» **Problem**: Would you please return only the lines from the one with "A. 저는 2번째로 참여하는" through the last line of the records below, leaving the pictures out?

*** Data for analysis ***

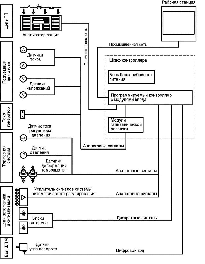 - учет массы поднимаемого в скипах груза (для скиповых ШПУ);
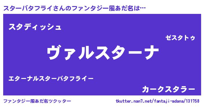 | ことわざ | 三つ子の魂100まで『スターバタフライの魂100まで』 |
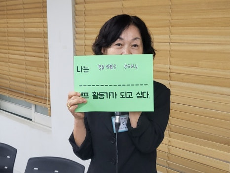 A. 저는 2번째로 참여하는 교육입니다. 많은 교류와 소통이 처음이라 어떻게 활동해야 하는지 잘 몰랐습니다. 이제 앞으로 자원봉사 현장에서 어떻게 활동하면 좋을지 배우고 싶습니다.
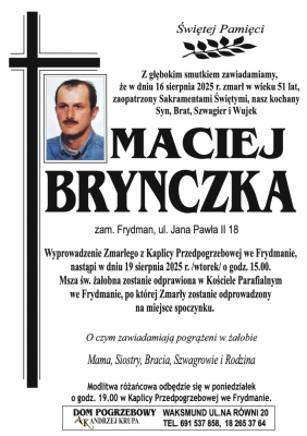 16 sierpnia 2025 roku w wieku 51 lat zmarł Maciej Brynczka zamieszkały we Frydmanie przy ulicy Jana Pawła II 18. Msza Święta żałobna zostanie odprawiona we wtorek 19 sierpnia o godzinie 15.00 w kościele parafialnym we Frydmanie, po której Zmarły zostanie odprowadzony na miejsce wiecznego spoczynku.
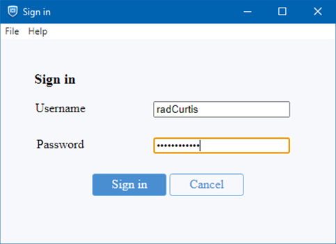After device authentication is performed and passes in the background, FortiClient prompts the user to sign in. Enter the username, radCurtis, and password, then click Sign in.
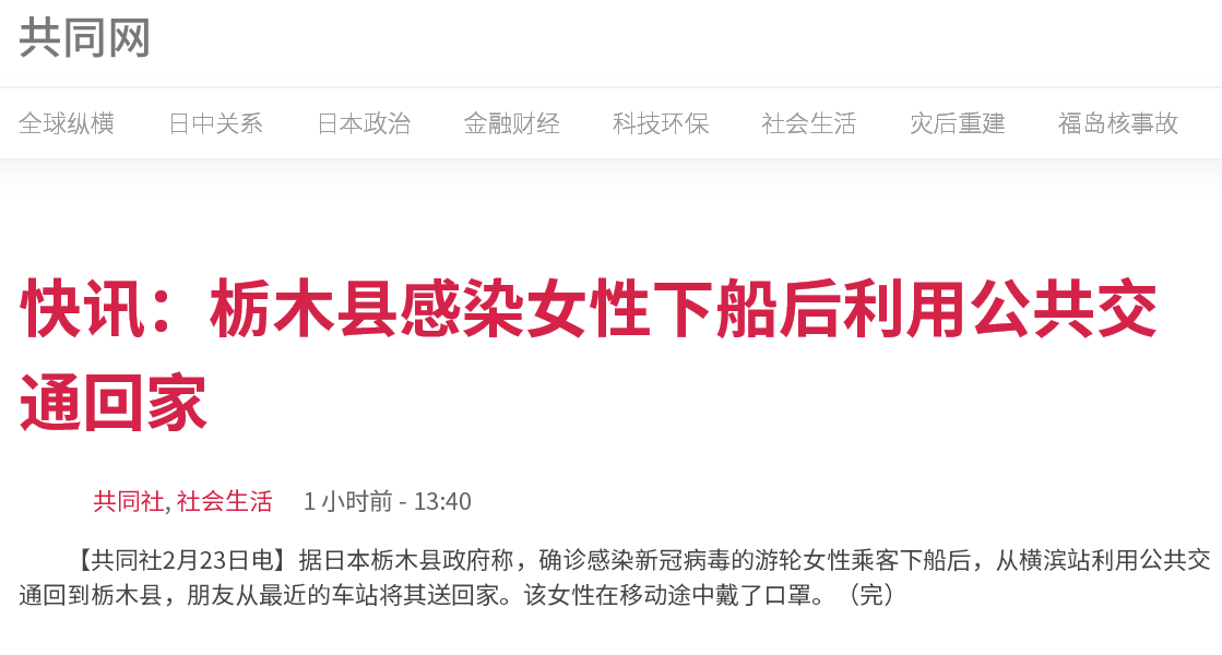 據日本栃木縣政府稱,確診感染新冠病毒的郵輪女性乘客下船後,從橫濱站利用公共交通回到栃木縣,朋友從最近的車站將其送回家。不過,共同社報道表示,該女性在移動途中戴了口罩。日本厚生勞動省稱,栃木縣60多歲女性是從“鑽石公主”號郵輪下船的日本人乘客中首個確診感染新冠肺炎的病例。

***

» **Response box**:
 A. 저는 2번째로 참여하는 교육입니다. 많은 교류와 소통이 처음이라 어떻게 활동해야 하는지 잘 몰랐습니다. 이제 앞으로 자원봉사 현장에서 어떻게 활동하면 좋을지 배우고 싶습니다.
 16 sierpnia 2025 roku w wieku 51 lat zmarł Maciej Brynczka zamieszkały we Frydmanie przy ulicy Jana Pawła II 18. Msza Święta żałobna zostanie odprawiona we wtorek 19 sierpnia o godzinie 15.00 w kościele parafialnym we Frydmanie, po której Zmarły zostanie odprowadzony na miejsce wiecznego spoczynku.
After device authentication is performed and passes in the background, FortiClient prompts the user to sign in. Enter the username, radCurtis, and password, then click Sign in.
 據日本栃木縣政府稱,確診感染新冠病毒的郵輪女性乘客下船後,從橫濱站利用公共交通回到栃木縣,朋友從最近的車站將其送回家。不過,共同社報道表示,該女性在移動途中戴了口罩。日本厚生勞動省稱,栃木縣60多歲女性是從“鑽石公主”號郵輪下船的日本人乘客中首個確診感染新冠肺炎的病例。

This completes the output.